WHEN CHILDREN BECAME PEOPLE: THE BIRTH OF CHILDHOOD IN EARLY CHRISTIANITY
By O.M. Bakke; translated by Brian McNeil
Fortress, 348 pages, $18
The making of a Christian child

Reviewed by SUSAN DE GEORGE

What was it like to be a child in the early Christian church? Did you participate in worship or attend school? What did your parents expect from you and how did they treat you? How did the church’s teachings influence you and your family on these subjects? How was your life different from that of a non-Christian child growing up in the Greco-Roman world? O.M. Bakke, associate professor of church history at the School of Mission and Theology in Stavanger, Norway, begins to answer such questions with his book When Children Became People.

Dr. Bakke’s focus is on children and childhood during the first to the fifth centuries. Aiming to understand the extent to which Christianity made an impact on what adults thought about children and how they treated children in day-to-day life, Dr. Bakke approaches his material from the perspective of theological anthropology and social history. He groups sources by thematic topic (for example, abortion and infanticide, education, worship) and then, within the topic, discusses the material chronologically. By doing this, he is able to discuss both what Christians thought about children and what they taught about the treatment of children.

The author begins by looking at children in the Greco-Roman world. He analyzes the negative assessment of childhood found in pagan philosophical writings of the time in which children are seen as less than fully human because they lack the ability to reason. Why have children, then? Most of the sources suggest it’s to guarantee an heir and to provide a parent with help and support in old age. Dr. Bakke then gives an overview of how a typical Greco-Roman family would function, discussing the large number of children growing up in blended families because of remarriage; the role of nurses and pedagogues in a child’s upbringing and education; and the responsibilities fathers, mothers and children each had in a family.

After providing this larger context, Dr. Bakke looks at patristic teachings about the nature of children. The primary question raised in this section concerns a child’s nature in a moral sense. Is a child innocent or not? We learn that from the first to the third centuries, the church fathers, following the lead of Gospel passages, associated children with simplicity and purity.

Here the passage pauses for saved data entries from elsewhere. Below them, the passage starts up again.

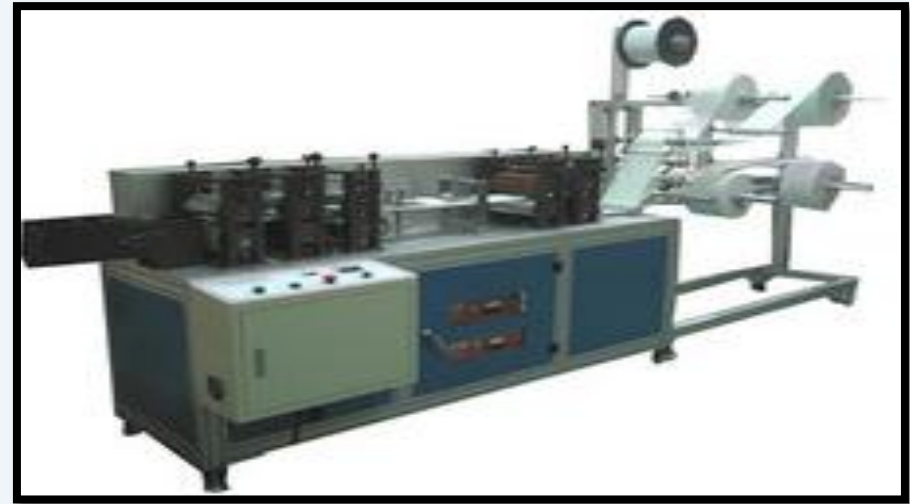
Mask Inner Ear Loop Welding Machine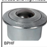
BPHF Ball transfer unit push fit, Heavy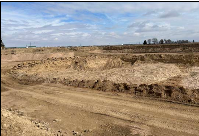
Photo 3 – Recently excavated area in Phase 6 above GW level looking NE from west side of excavation.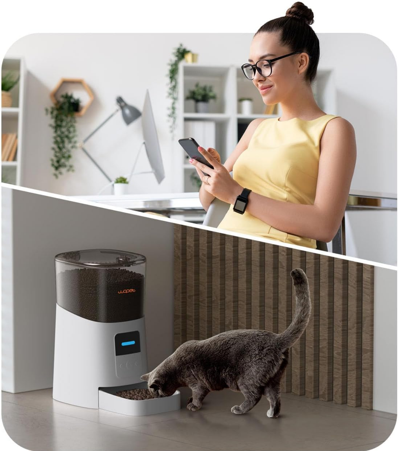
Image: A user interacting with the WOPET app on their smartphone to control the feeder, demonstrating smart app control.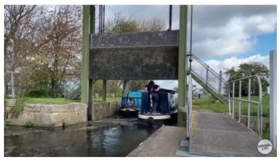
Minimal List Perseverance and friends entering Taylors Lock heading downstream below South Kyme

The IWA's Silver Propeller Challenge has inspired boaters across the country to visit waterways less travelled and those who take part record their journeys, with photographs as proof, and score points towards an award. Partly motivated by this, two celebrity boating vloggers Minimal List have posted over 380 YouTube videos of their river and canal journeys.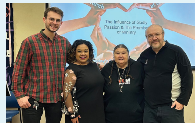
Our CATM team will offer special services and festivities.

CATM will offer a special Christmas eve service filled with reflection and gratitude, as the cornerstone of our Christmas celebrations. We extend a warm welcome to all. Learn more about Church at the Mission at linktr.ee/churchatthemission .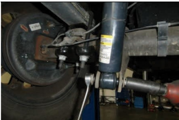
Remove lower shock bolt.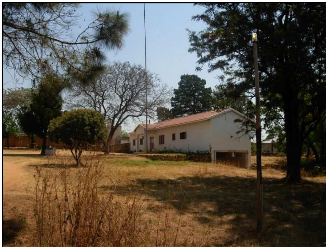
Figure 5 – Current house on site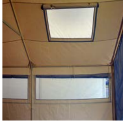
Roll Up Velcro Windows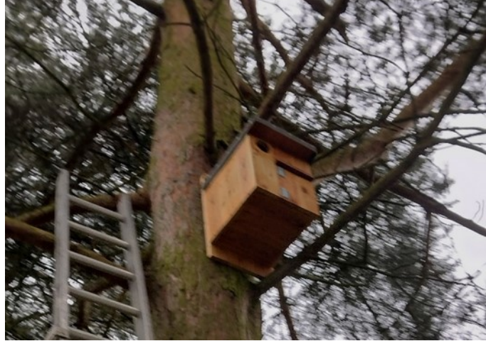
A new home for an owl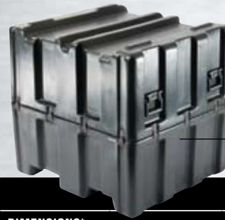
XX-LARGE RUGGEDIZED SHIPPING CASE CATALOGUE NUMBER: AL3834-1617-110

These cases are lightweight, shockproof, watertight, dustproof, heat, and chemical-resistant, which make them extremely tough and offer ultimate protection that will move your equipment from point A to point B without a scratch.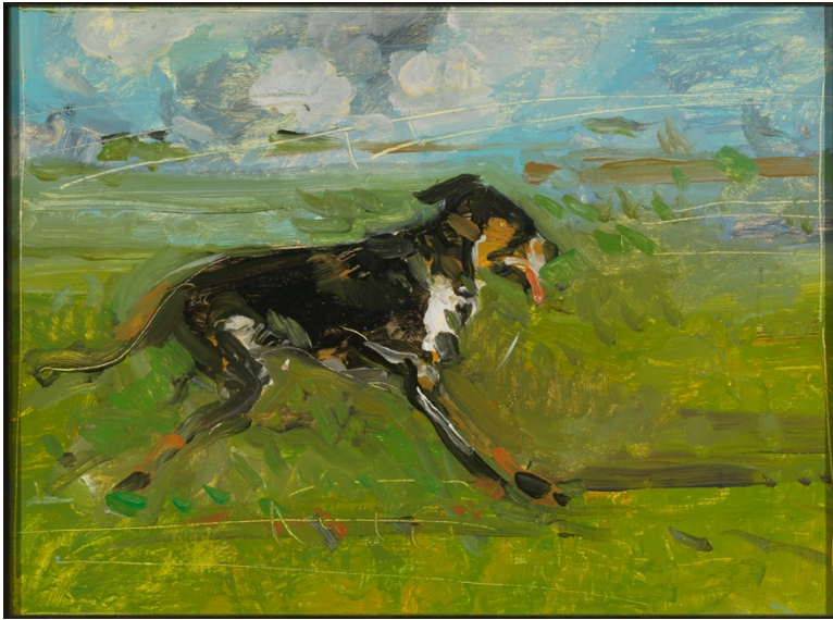
A landscape from memory with dog running from summer 2014.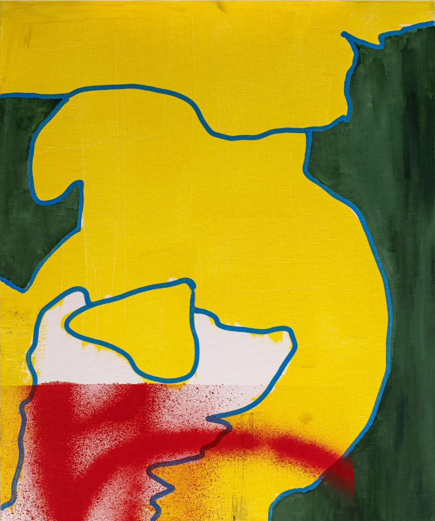
archetype ExchangeArt Spatulas, acrylics and spray on canvas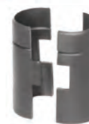
plastic conductive split sleeves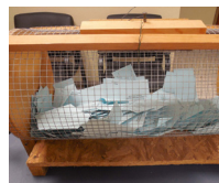
Here's what 1,767 tickets looked like before the winning ticket is

Turners are past entrants and are very excited about their new truck!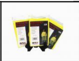
Poncho with hood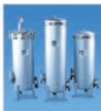
High Flow Multi Cartridge Housings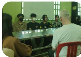
Learning with native English speaker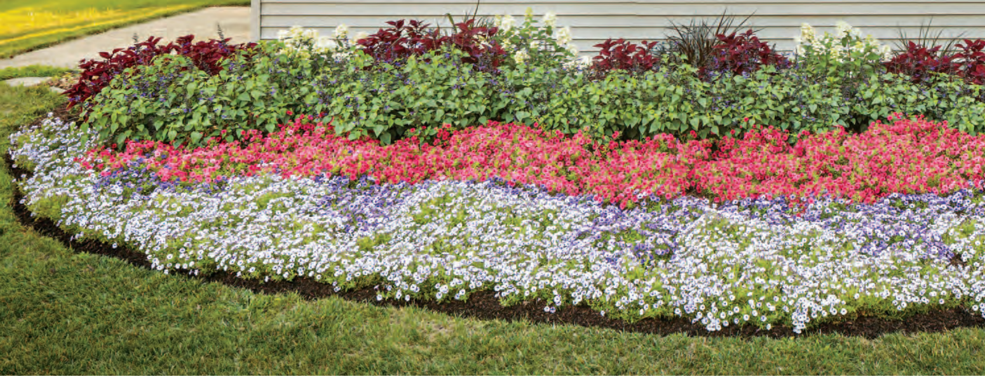
In landscape above: SUPERTUNIA MINI VISTA® Violet Star Petunia, SUPERTUNIA MINI VISTA® Indigo Petunia, SUPERTUNIA MINI VISTA® Scarlet Petunia, COLORBLAZE® REDICULOUS® Plectranthus (Coleus) ROCKIN'® Deep Purple Salvia, GRACEFUL GRASSES® VERTIGO® Pennisetum (Purple Fountain Grass) and FIRE LIGHT® Hydrangea paniculata (Panicle Hydrangea)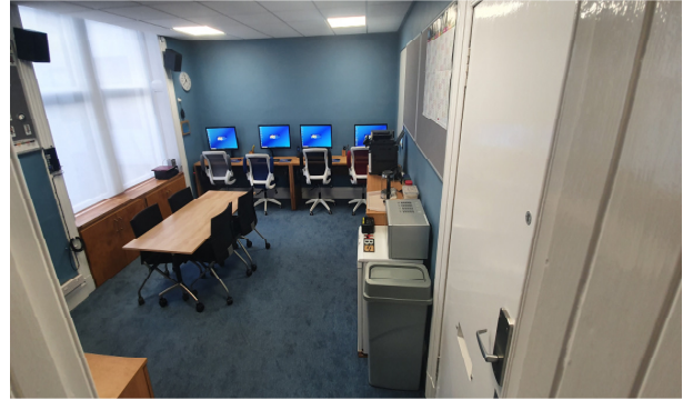
The HBS Production Office before and after major refurbishment work carried out at the start of 2020

With the restrictions imposed during the year, many of the planned developments had to be put on-hold. These included increasing volunteer numbers and a focus on developing the skills of the whole team to deliver improvements to the service. As restrictions ease through 2021 we hope to pick up on these initiatives.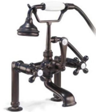
Victorian Faucet with 6 " riser elbow 2 " riser elbow is standard, use 6 " when extra height is needed on all faucets.

4 " extensions are available to extend faucet farther into the tub. Moves snout into tub farther. 2 " riser elbows are standard; 6 Inch riser elbows available. Center adjuster (swing arms ) are used to correct a rough spread or to add to faucet height.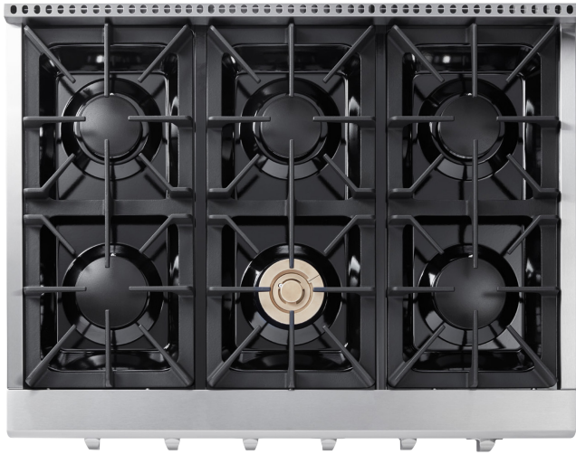
Product: 36 Inch Gas Rangetop Model Number: HRT3618U / HRT3618ULP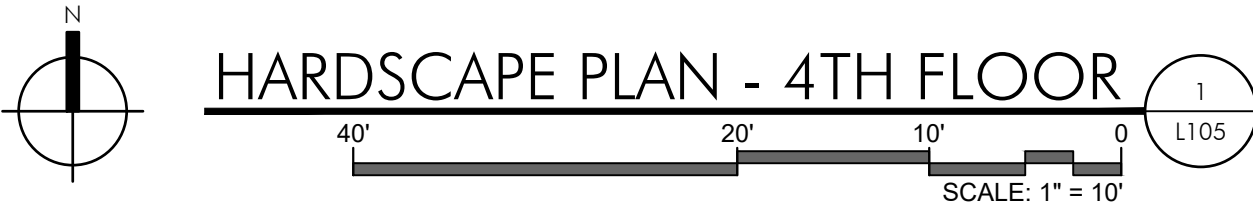
HARDSCAPE PLAN - 4TH FLOOR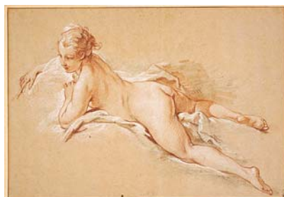
François Boucher (1703–1770) Recumbent Female Nude , c. 1742–43, Red, white, and black chalks on cream antique laid paper 12 1/2 x 18 1/4 in. Collection Jeffrey E. Horvitz, Boston

Celebrating the tercentenary of the artist's birth, this exhibition is the first survey of François Boucher's (1703–1770) drawings in over twenty-five years. Featuring approximately seventy-five sheets—few of which have ever been on view in the United States—the exhibition of international loans provides a new understanding of Boucher's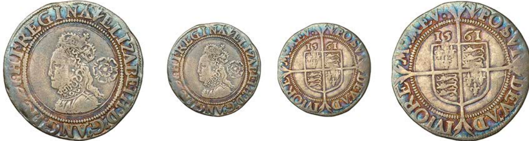
111 Third issue, Sixpence, 1561, mm. pheon, bust 1F, normal flan, Tudor rose, small shield, 2.85g/1h (N 1997; S 2561). Fine, evenly worn and attractively toned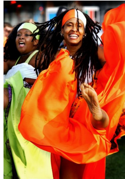
Dance Afrika performs the Samba at the Children's Games.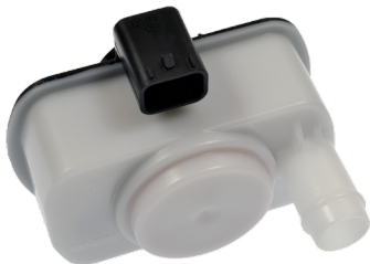
VDP14 Chrysler/Dodge/Ram cars, trucks, SUVs & vans (2017-06) Jeep Compass/Patriot/Wrangler (2016-07) VIO Over 7.7 Million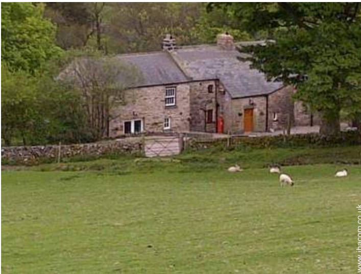
view over farmland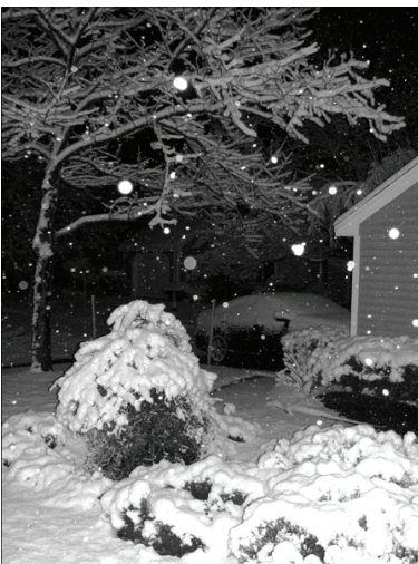
Storm Watch, Saturday night, Jan. 3

When the weather is questionable, anyone who expects to attend the meeting should check for updates on the PHSNE website phsne.org . If you are still in doubt about the status of a meeting, phone or e-mail any Board member. Contact information is contained in your PHSNE Membership Directory. We will also try to get cancellation notices on WBZ radio and television but cannot be certain these announcements will be made in a timely manner.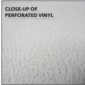
CLOSE-UP OF PERFORATED VINYL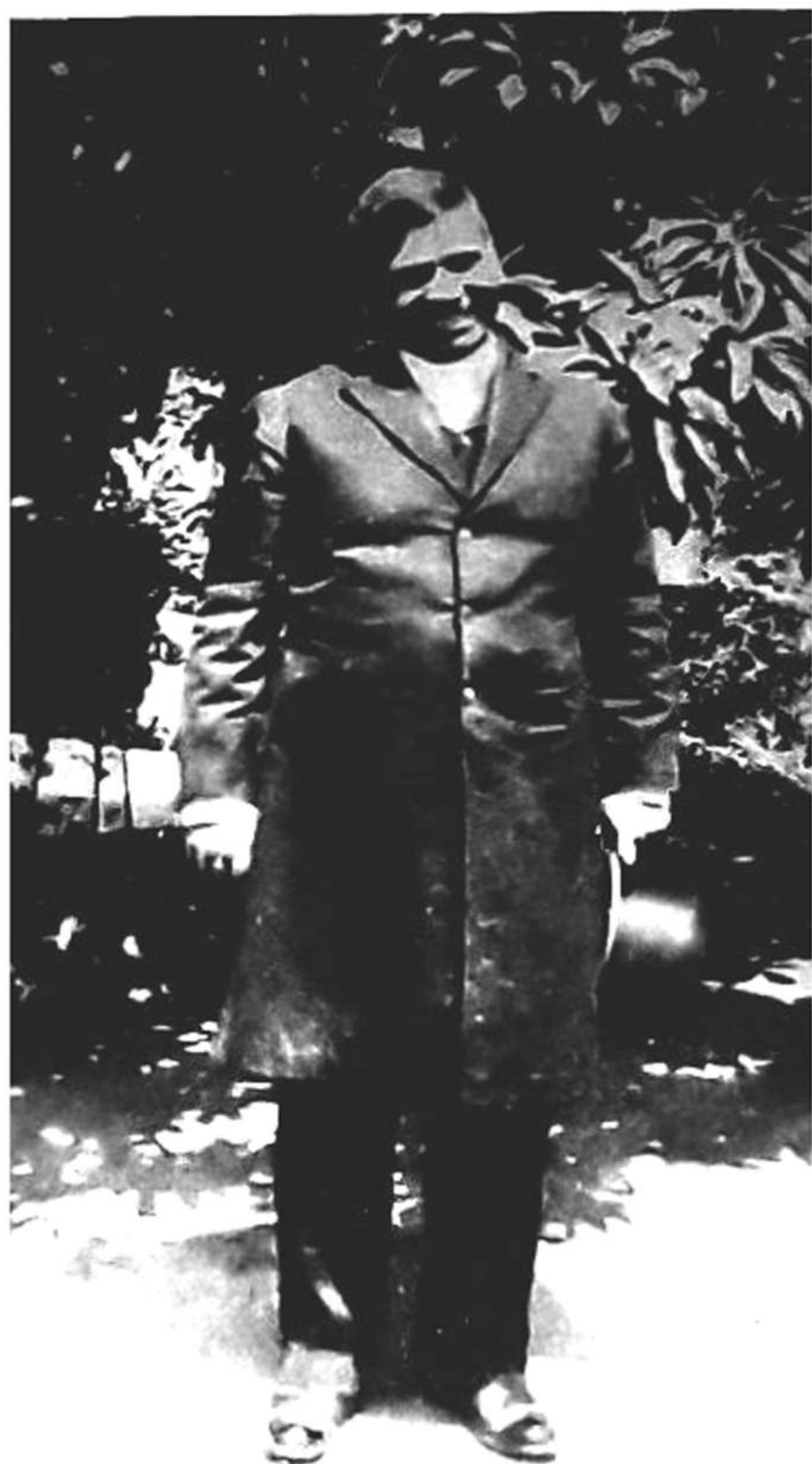
Swami Trigunatitananda in San Francisco

It was not until the fifth century and the Pelagian debate that Augustine posited children as sinners from their birth, condemned to eternal punishment if they should die unbaptized.

The church fathers apparently had a different attitude toward the worth of young children than pagan ethicists did. For Christian writers, all human beings, including babies, were of value because they were created by God. This led the patristic authors to prohibit commonly accepted practices of the day such as abortion (in the Western church after full formation, in the Eastern church from conception on), exposure of infants during the first few days of life, and infanticide. Beginning in the third century, these early church leaders also emphasized the connection between a parent’s duty to raise a Christian child properly and the question of eternal salvation. Children were to be obedient. Teenagers were to be separated by gender so that sons would remain abstinent until marriage. Any child leaving the home was to be under constant supervision. Among the methods used to enforce these early Christian ideals of conduct were limited contact with the pagan world, good role models and, to a much greater degree than in the pagan world, corporal punishment. Should a child fail to meet the standards the church fathers listed, the eternal salvation of the child -- and, according to some patristic writers, the parents as well -- was at stake.

Another topic Dr. Bakke discusses is the role of children in worship, including their participation in hymn singing and in the sacraments. And he treats the thorny question raised by such narratives as the Martyrdom of Perpetua and Felicity: What should a parent do when faced with the conflict of caring for a child or leading a life of Christian perfection and, in many cases, martyrdom? The most common answer -- one that Dr. Bakke gives but then tries to back away from by putting possible but unsupported limits on it -- was to abandon the children and become a hero by following God, even if it was to your death.

Dr. Bakke is a clear writer who provides lots of guidance and summaries throughout the text. He is doing some groundbreaking work in this book. Nevertheless, there is a major weakness in the work, one of which Dr. Bakke himself is aware. Almost all the sources drawn upon are literary ones written by upper-strata, elite male Christians, and these letters, treatises and church orders are prescriptive rather than descriptive material. How closely these sources reflect the reality of the life of well-to-do Christian families, much less families of lower social strata, is uncertain. We don’t know, therefore, whether the picture that Dr. Bakke paints for us is one of an idealized world as the church fathers see it, one that captures some of what life would have been like for Christian children in those centuries or, most probably, some unknown amalgam of the two.

Susan De George teaches religion and philosophy at Mercy College in Dobbs Ferry, N.Y.